* _Task instructions_:
What is wanted is every line below from the one with "在喜宴進行到最終時,進行送客" up to and including the one with "WHITE COTTON CARDS", retyped exactly, pictures excluded, nothing else.

* _Dataset extract_:
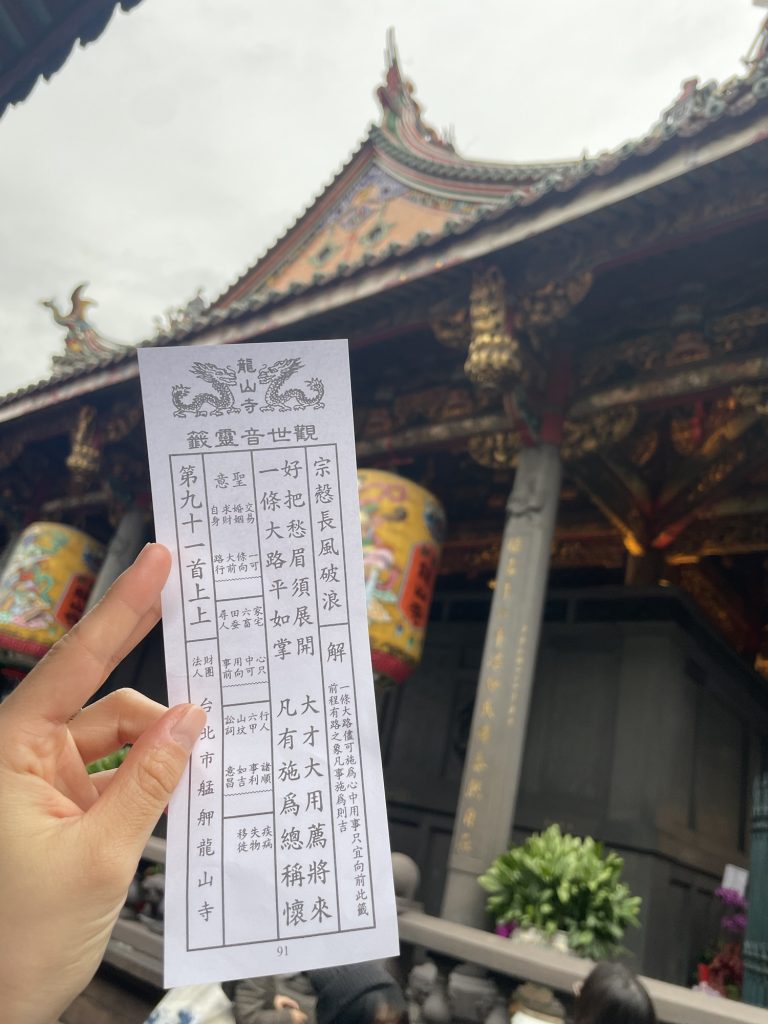 龍山寺では、おみくじの説明してくれる場所があり、日本語対応可能でした。対応してくれる人によって、色々説明、助言をしてくれる人、一言で終わる人様々でした。私の担当してくれたおじさんは一言で終了でした笑
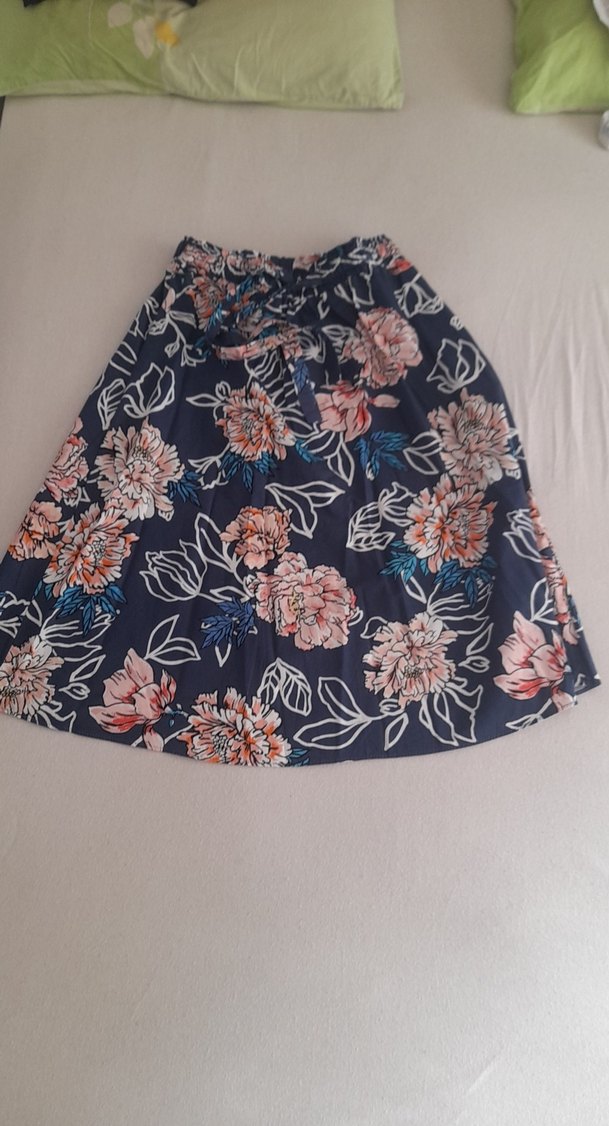 Bohem tarzda, Beli lastikli belden açmalı diz altı etek
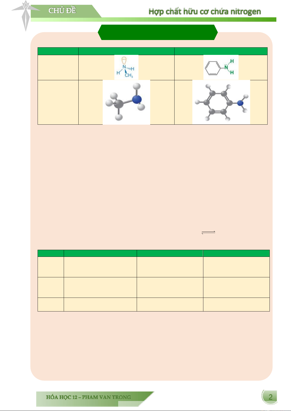 II. Đặc điểm cấu tạo Methylamine (CH3NH2) Aniline (C6H5NH2) Cấu trúc phân tử Mô hình phân tử
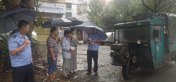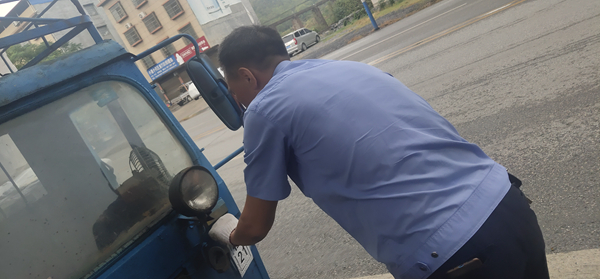 执法严明对农用车安全隐患零容忍。联合执法组一行8人冒雨深入乡村道路进行农机安全隐患排查治理,排查过程中,做到不漏一辆农业车,检查着重查看是否进行年检,有无驾驶证,是否是假牌、套牌,有无拼装改装、违法载人等违法违规行为。对农用车存在的违法违规行为进行登记,对车主进行批评教育,并下达整改告知书限期整改。本次农机安全大检查检查农用拖拉机10台次,纠正违章3起。
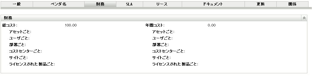 []タブには、契約に関連するコストが表示されます。この情報は、契約のデータから計算されます。
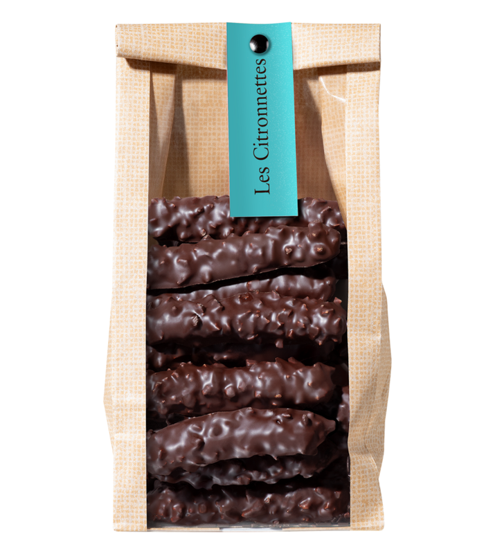Découvrez notre sachet garni de citronnettes enrobées de chocolat noir 60 % de cacao origine Équateur.
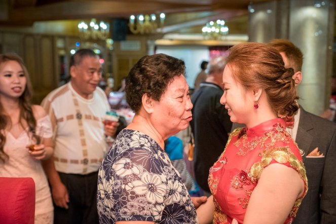 在喜宴進行到最終時,進行送客時,賓客陸續走出來,輪到奶奶給新娘一個大大擁抱,奶奶叮嚀孫女,說好久沒見她,住在那遠,也很不容易見面,希望她在那邊要好好照顧自已,最後把奶奶也臨時的金戒子套上孫女手上,這金戒看得出來是奶奶上一輩傳下來,現在交託到孫女,從照片中奶奶的眼神也看得出相當不捨。 看到這邊想到現在疫情出國也不易,很多居住在國外的旅人應該很多人都不敢隨意出國。
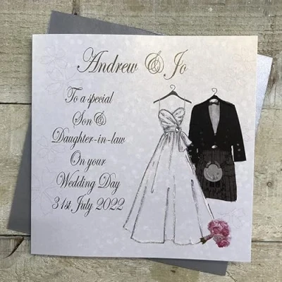 WHITE COTTON CARDS PERSONALISED WEDDING CARD SPECIAL SON & DAUGHTER IN LAW KILT DRESS DESIGN. Handmade (PPS146 S XPPS146 S)
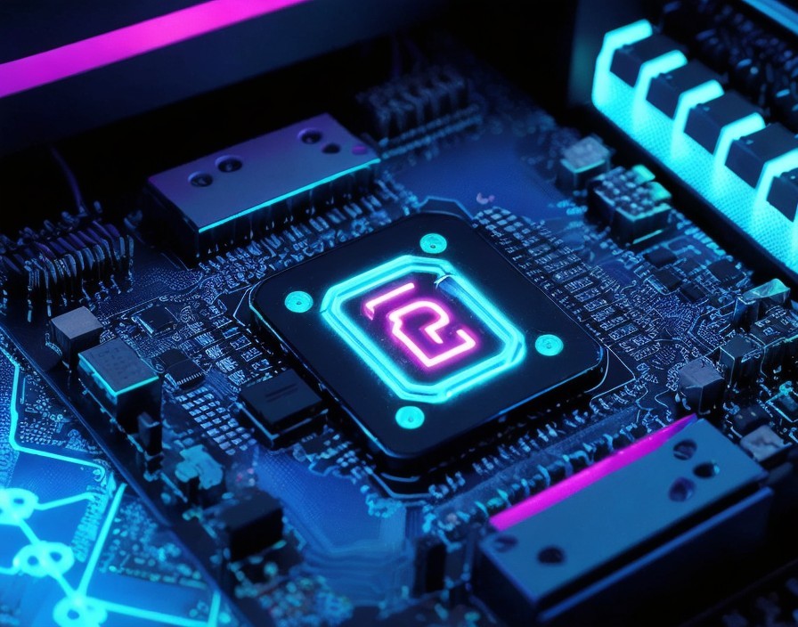 Prompt: "A glowing computer chip placed on a detailed and colorful circuit board. The chip and surrounding circuits are illuminated with vibrant lights, creating a technological and futuristic atmosphere. The chip is surrounded by complex circuits that glow in various colors - mainly in shades of blue and red"
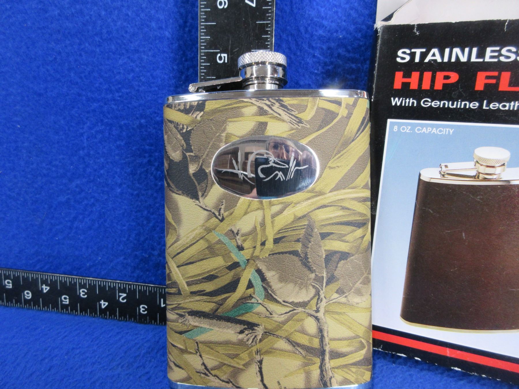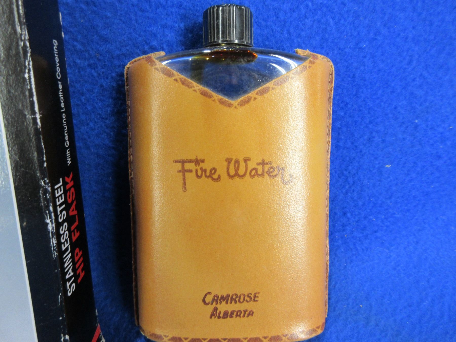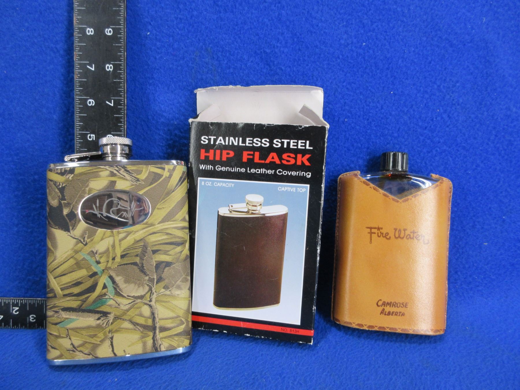 2 Flasks - 8oz Stainless Steel (Ducks Unlimited) and Fire Water (Glass with Leather Sheath)

* _Solved exercise_:
 在喜宴進行到最終時,進行送客時,賓客陸續走出來,輪到奶奶給新娘一個大大擁抱,奶奶叮嚀孫女,說好久沒見她,住在那遠,也很不容易見面,希望她在那邊要好好照顧自已,最後把奶奶也臨時的金戒子套上孫女手上,這金戒看得出來是奶奶上一輩傳下來,現在交託到孫女,從照片中奶奶的眼神也看得出相當不捨。 看到這邊想到現在疫情出國也不易,很多居住在國外的旅人應該很多人都不敢隨意出國。
 WHITE COTTON CARDS PERSONALISED WEDDING CARD SPECIAL SON & DAUGHTER IN LAW KILT DRESS DESIGN. Handmade (PPS146 S XPPS146 S)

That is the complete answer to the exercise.